Zupełnie niedawno, jako premier Rzeczypospolitej, uczestniczył Pan w uroczystości wmurowania kamienia węgielnego pod budowę nowego bloku energetycznego w kompleksie naszych elektrowni. Ten blok to praca dla nielicznej grupy ludzi. Budowa pochłonęła kilkadziesiąt hektarów lasu i nikt tego wówczas nie kwestionował. I słusznie, bo to była ważna dla miasta i regionu inwestycja. Dziś staramy się o nowe miejsca pracy w Jaworznie dla kilkunastu tysięcy ludzi z regionu. Chcemy uniknąć drastycznego bezrobocia, jakie dotknęło nas w latach 90. Teren w Jaworznie, to jeden z nielicznych w kraju, który bez większej szkody środowiskowej da nam nowe szanse na sensowne miejsca pracy.

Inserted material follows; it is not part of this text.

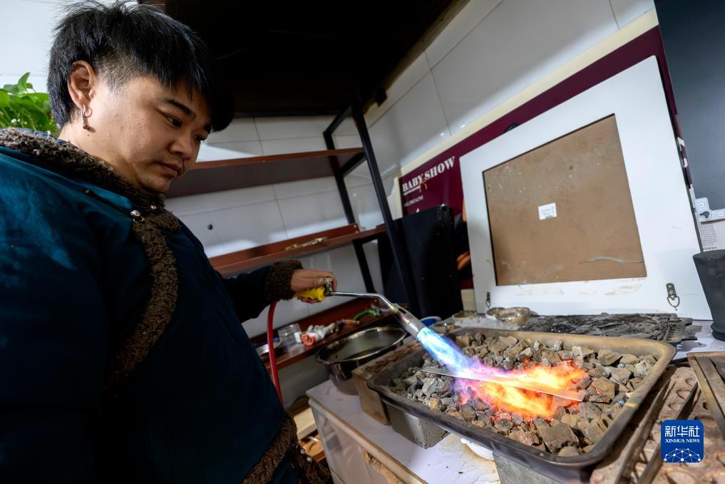 11月14日,在內蒙古烏拉特前旗禾蘇格爾銀匠店內,齊天賜在熔銀。

Podobnie piszę do wszystkich stowarzyszeń obrońców przyrody – zapraszam Was do Jaworzna – przyjedźcie i zobaczcie na własne oczy tę hałdę w wyrobisku kopalni piasku, te osadniki mułów węglowych, na których ma stanąć fabryka Izery. Jesteście wprowadzani w błąd i głosicie nieprawdę. Ktoś wam kiedyś będzie czynił z tego wyrzuty, że w przypadku mojego miasta posługiwaliście się kłamstwem. A po prostu nie wiedzieliście jak jest.